But not New Jersey, the state where you shouldn’t die. That’s the state that many people have been fleeing because they don’t like paying confiscatory taxes to finance bureaucrats who make as much as $320,000 per year.

Instead, I’m in the Bailiwick of Jersey, which is a UK dependent territory off the coast of France. Jersey is a so-called tax haven, which I applaud because it helps encourage better tax policy in less enlightened parts of the globe.

Because I’m such a cultured and sophisticated guy, today I used some of my free time to visit the Jersey Museum. I now know lots of useless trivia about how a tiny island 15 miles from France wound up as an English territory.

But I also found something very interesting in the section on the economic history of Jersey. The museum explicitly recognizes the role of low taxation in promoting a prosperous society.

My blackberry camera isn’t that good and I’m probably a crummy photographer, so this image is very hard to read, but the display openly boasts that Jersey’s tax rates are much less onerous than those found in the United Kingdom.

If you want a simple and fair flat tax, Jersey’s 20 percent rate is not bad. And it’s definitely a lot better than the (now) 45 percent top rate in the United Kingdom

If you don’t want double taxation, the capital gains tax rate in Jersey is zero. That’s a lot better than the United Kingdom (though the rate there is now “only” 28 percent.

If you don’t want the government grabbing a big chunk of your income with a value-added tax, then you’re much better off with Jersey’s 5 percent rate rather than the 20 percent rate in the United Kingdom (the museum’s info is out-of-date).

Anyhow, you get the idea.

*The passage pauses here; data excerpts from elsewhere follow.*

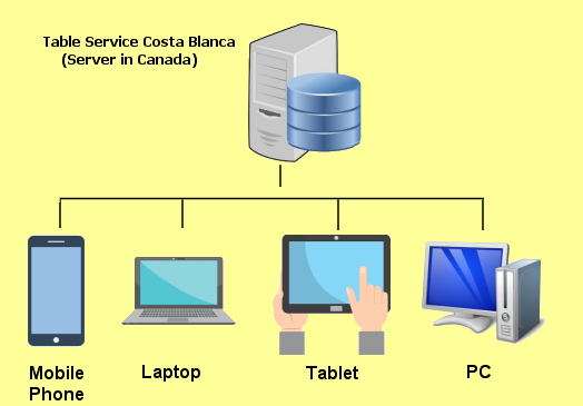 TableService Costa Blanca works on any device, mobile phone (with or without SIM), tablet, laptop, workstation or smart TV.
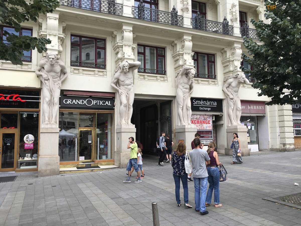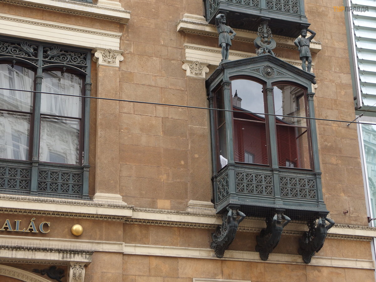 The house "At the four blockheads" - four statues hold the balustrade of the house on their shoulders. According to the author's idea, the statues were supposed to appear as mighty Atlanteans. But what happened, happened. Foolish facial expressions do not pull on power : )
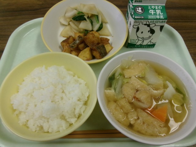 今日の給食は、ごはん、牛乳、ホキとじゃがいもの甘からめ、かぶの色どり、みそ汁です。
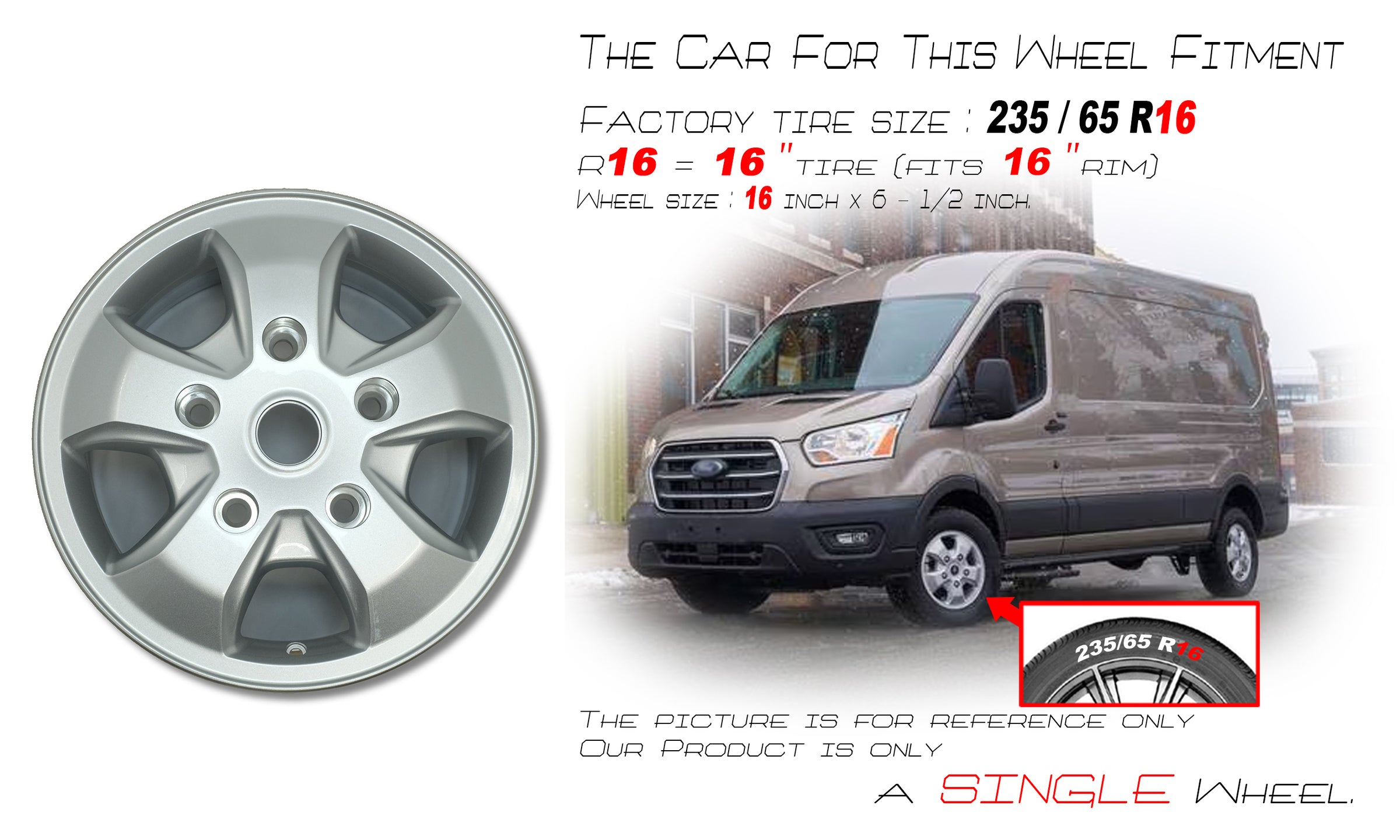 For Ford Transit 150 250 350 OEM Design Wheel 16" 2017-2021 16x6.5 Silver Replacement Rim
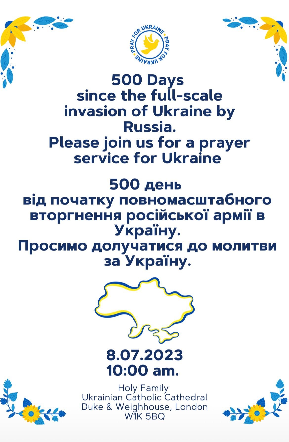 All are welcome to join the congregation of the Ukrainian Catholic Cathedral to mark 500 days since the Russian invasion of Ukraine. The service will be in English with music in Ukrainian.
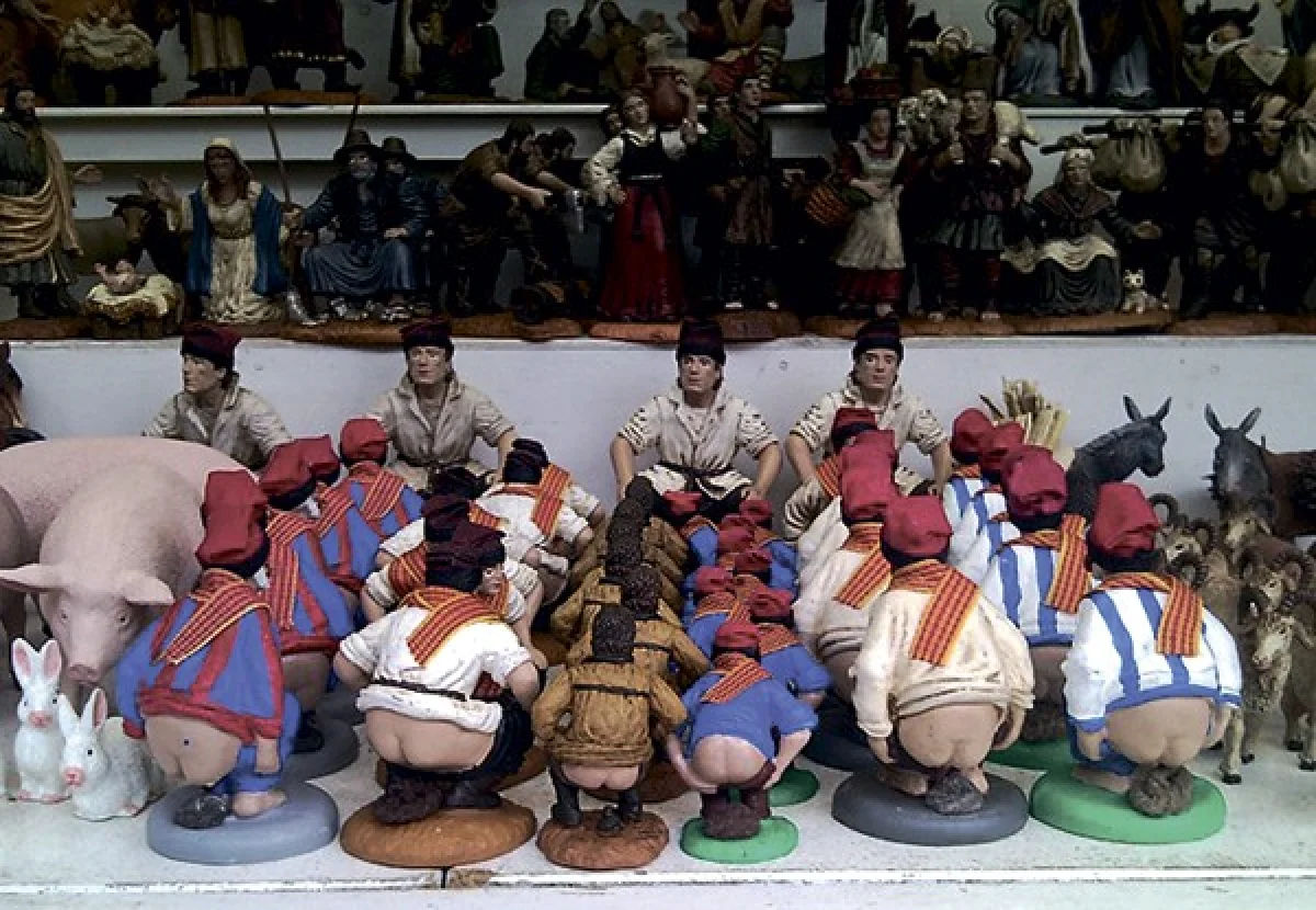 В Барселоне в начале декабря начинают работать две крупные ярмарки — «Санта Люсия» (Fira de Santa Llucia) и «Саграда Фамилия». Первая проводится уже более двухсот лет на площади у Кафедрального собора (Plaza de la Catedral). Здесь можно найти уйму елочных игрушек, рождественские украшения для интерьера и экстерьера, качественные эксклюзивные сувениры, вышивки и бижутерию, антикварные безделушки и украшения, а также традиционные каталонские сувениры: это — простите — сaganer (какающий человечек) или сaga tіo (какающее бревно). Вот это была для меня находка!))) С вашего позволения, в дальнейшем буду величать эти бревна кагатио, а человечков каганер. А теперь о том, откуда что взялось.

Here’s a close-up photo of that part of the display.

There’s no death tax in Jersey, which is a very important consideration when successful and productive people decide where to conduct economic activity. The United Kingdom, by contrast, has one of the most onerous death tax regimes in the world.

In other words, the people of Jersey have made a very intelligent decision to avoid class-warfare tax policy.

Are you surprised to learn, therefore, that they are richer, on average, than folks in the USA?